Posted on 12/29/2011 11:28:30 AM PST by CedarDave

Ruling in what it called a "tragically bizarre" case, an appeals court found that the estate of a man killed by a train while crossing the Edgebrook [Illinois] Metra station tracks can be held liable after a part of his body sent airborne by the collision struck and injured a bystander.

In 2008, Hiroyuki Joho, 18, was hurrying in pouring rain with an umbrella over his head, trying to catch an inbound Metra train due to arrive in about five minutes when he was struck by a southbound Amtrak train traveling more than 70 mph.

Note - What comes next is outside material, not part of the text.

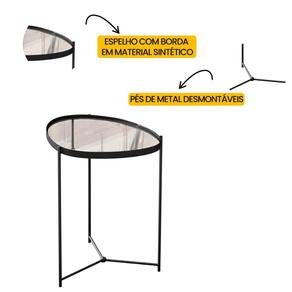 Seu tampo espelhado com borda delicada reflete sofisticação, enquanto a estrutura metálica garante leveza e durabilidade.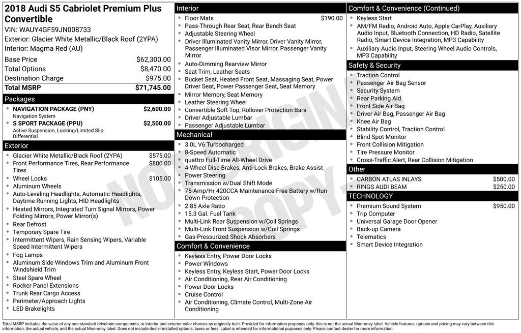Luxury, performance, and open-air driving come together in this 2018 Audi S5 Cabriolet Premium Plus, finished in elegant Glacier White Metallic with a striking Magma Red Fine Nappa leather interior. Powered by Audiâs legendary 3.0L TFSI turbocharged V6 producing 354 horsepower, this S5 delivers exhilarating performance with the confidence of quattro all-wheel drive.

A large portion of his body was thrown about 100 feet on to the southbound platform, where it struck Gayane Zokhrabov, then 58, who was waiting to catch the 8:17 a.m. train to work. She was knocked to the ground, her leg and wrist broken and her shoulder injured.

A Cook County judge dismissed Zokhrabov's lawsuit against Joho's estate, finding that Joho could not have anticipated Zokhrabov's injuries.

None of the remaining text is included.